» Your instructions
Take the line that contains "이제 Actions를 클릭하고" and every line below it to the end of the entries, and give them again exactly, leaving out any pictures.

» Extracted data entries
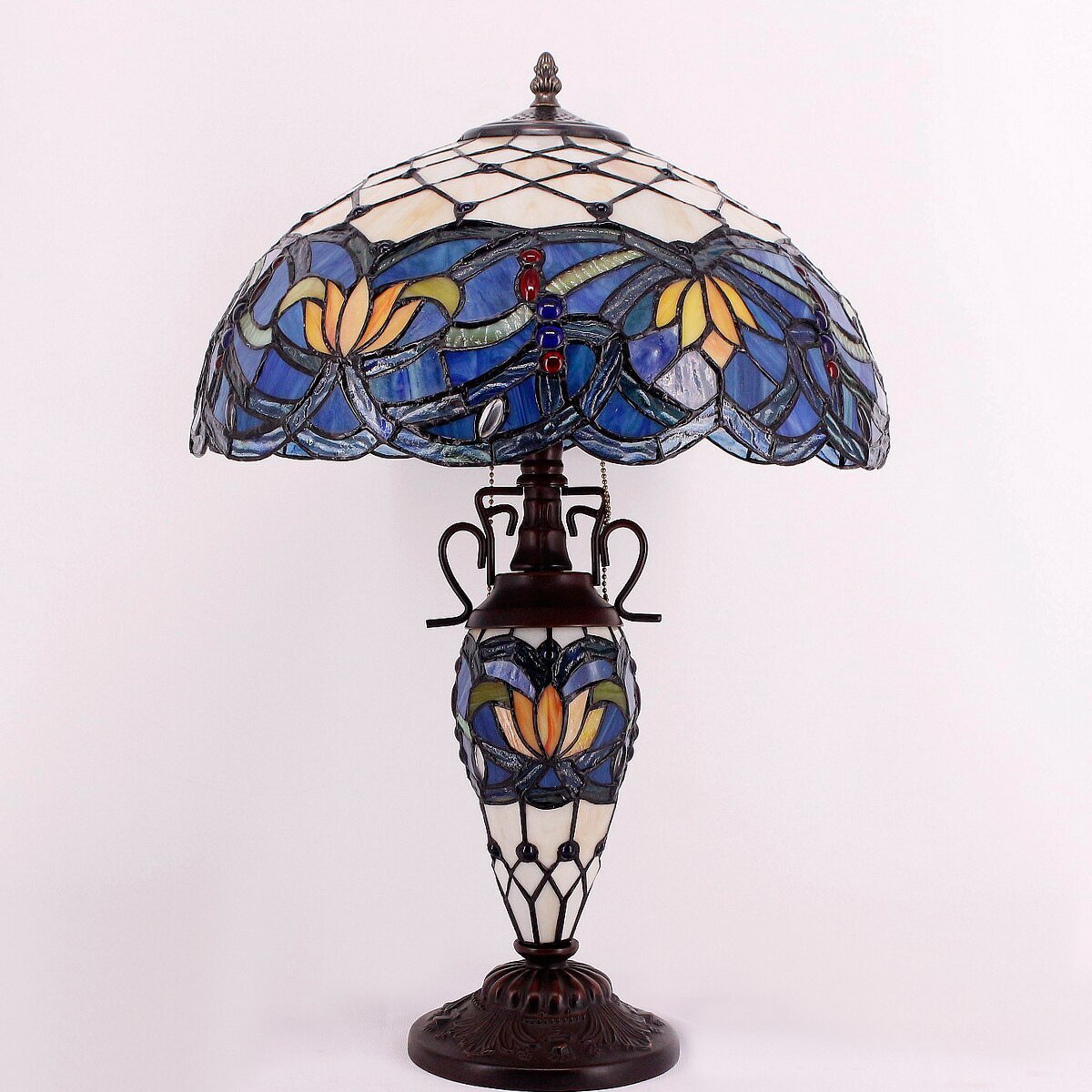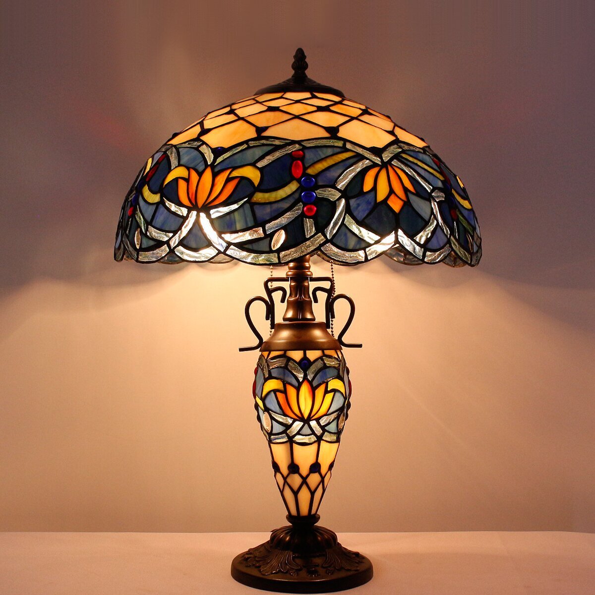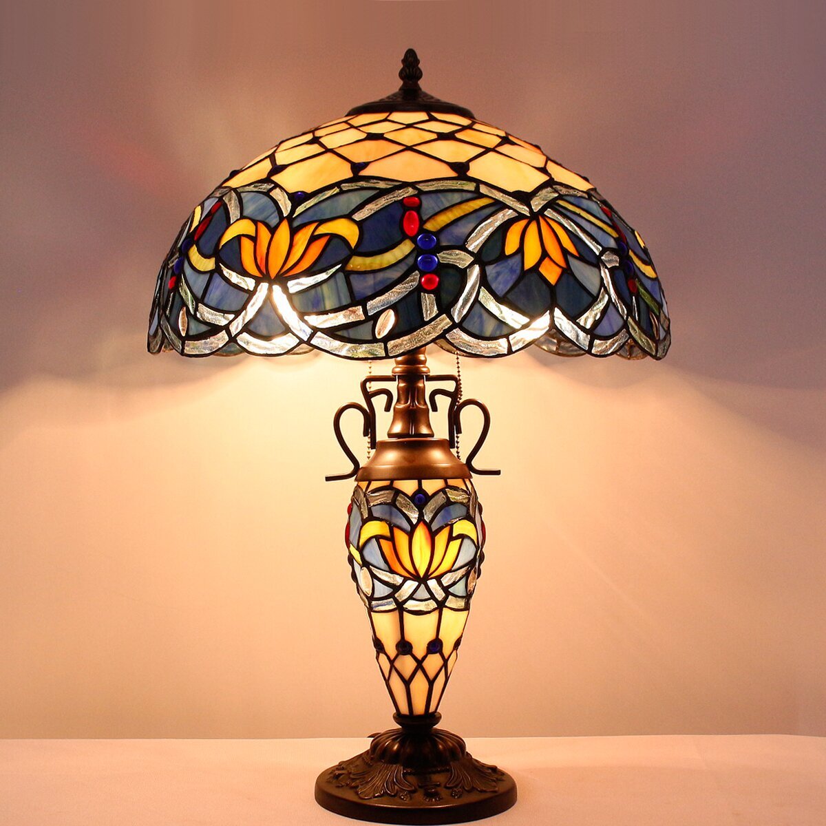 Lamp With Nightlight Rustic Large Blue Stained Glass Lotus Table Lamp Desk 24
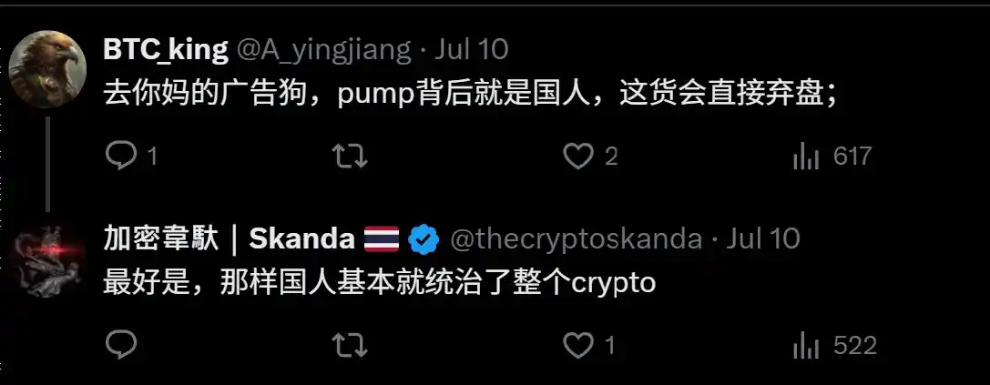 7 月顶着** fud 当 Pump 简中**大儒,被骂俩月,被上千人屏蔽。
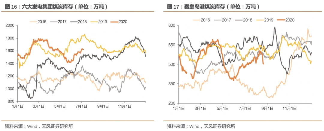 库存方面,截至7月6日,沿海六大发电集团煤炭库存总量为1621.40万吨,较去年同期变化-213.71万吨;截至8月21日,秦皇岛港煤炭库存总量为502.5万吨,较去年同期变化-130.5万吨。
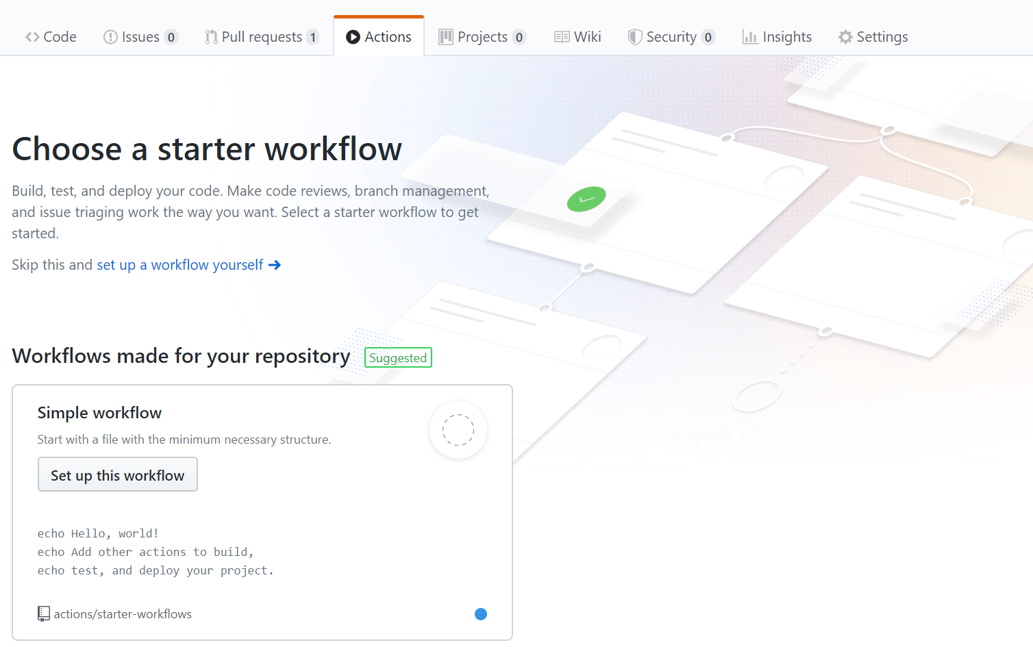 이제 Actions를 클릭하고 Action을 추가해 줍니다. 액션 설정 화면에서 set up a workflow yourself를 클릭합니다.
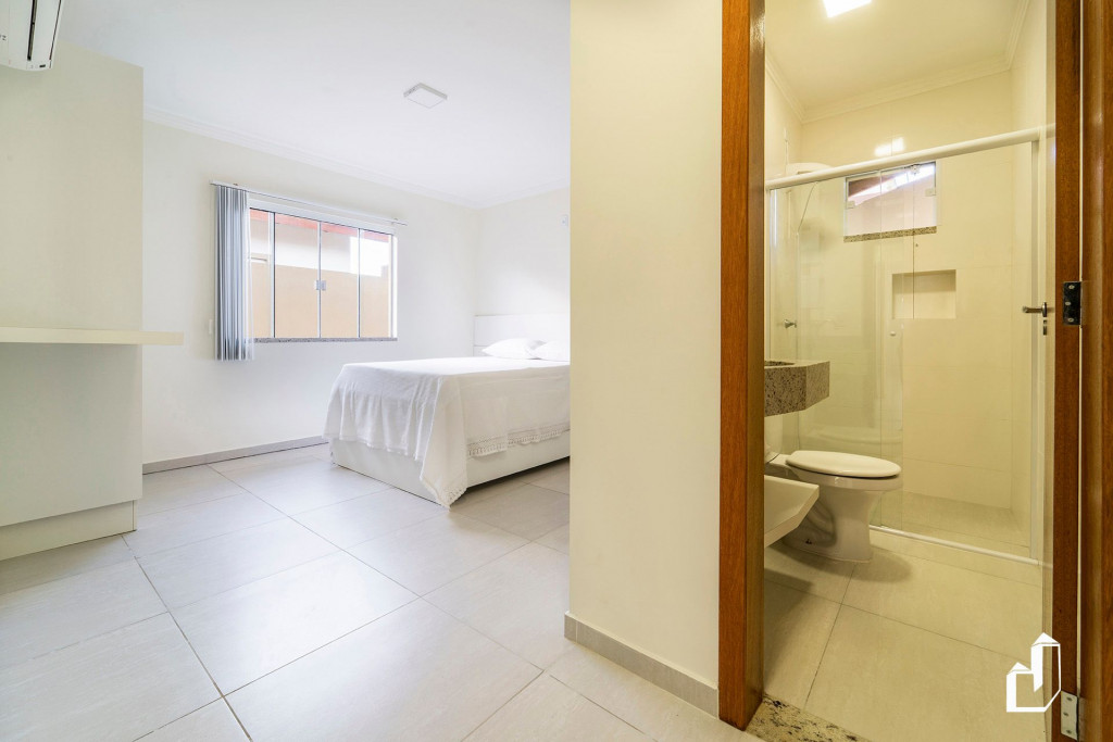 01 suíte com 01 cama de casal e 01 cama auxiliar de solteiro com ar-condicionado;
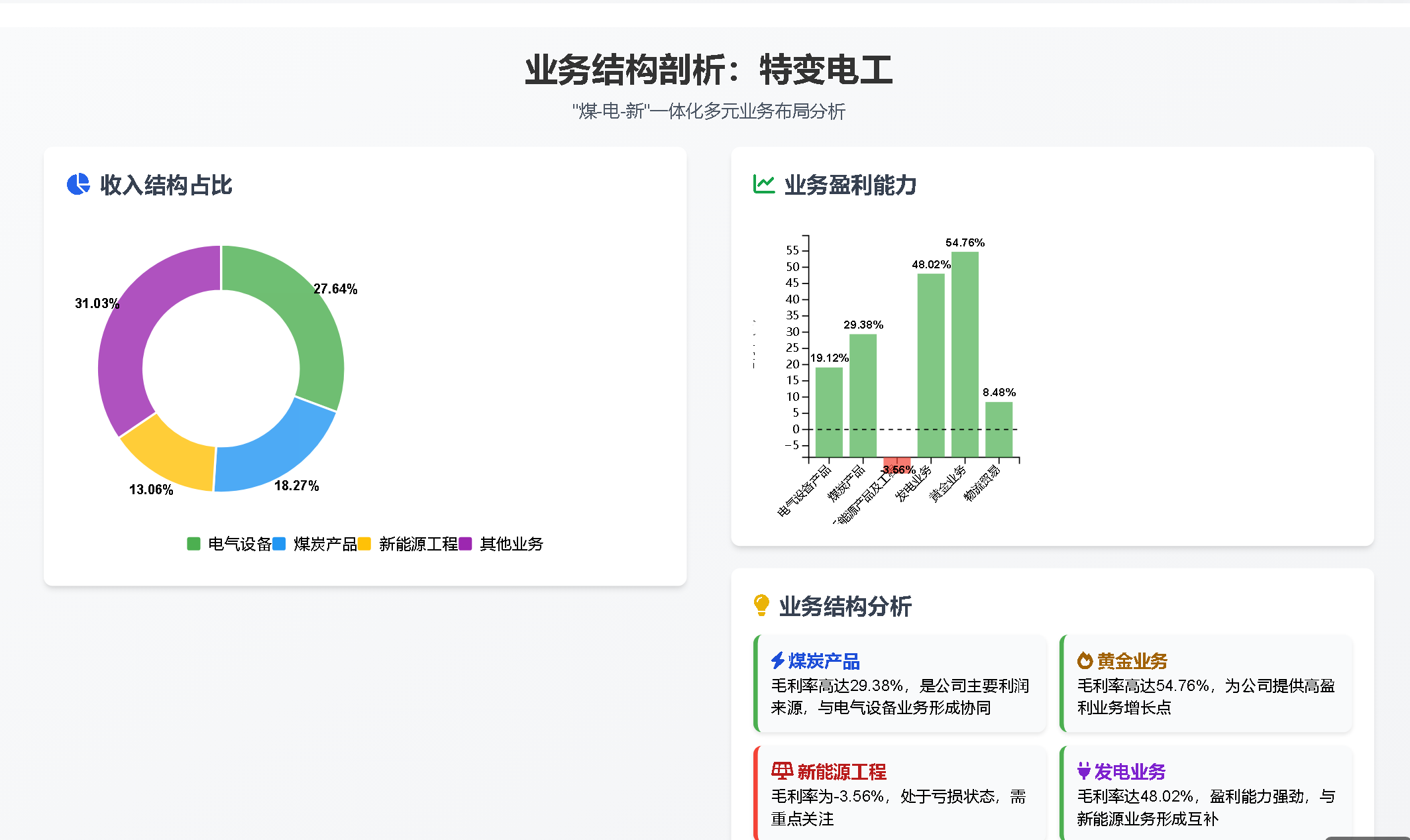 业务特点:电气设备和煤炭业务盈利稳定,新能源工程业务承压

» Answer box
 이제 Actions를 클릭하고 Action을 추가해 줍니다. 액션 설정 화면에서 set up a workflow yourself를 클릭합니다.
 01 suíte com 01 cama de casal e 01 cama auxiliar de solteiro com ar-condicionado;
 业务特点:电气设备和煤炭业务盈利稳定,新能源工程业务承压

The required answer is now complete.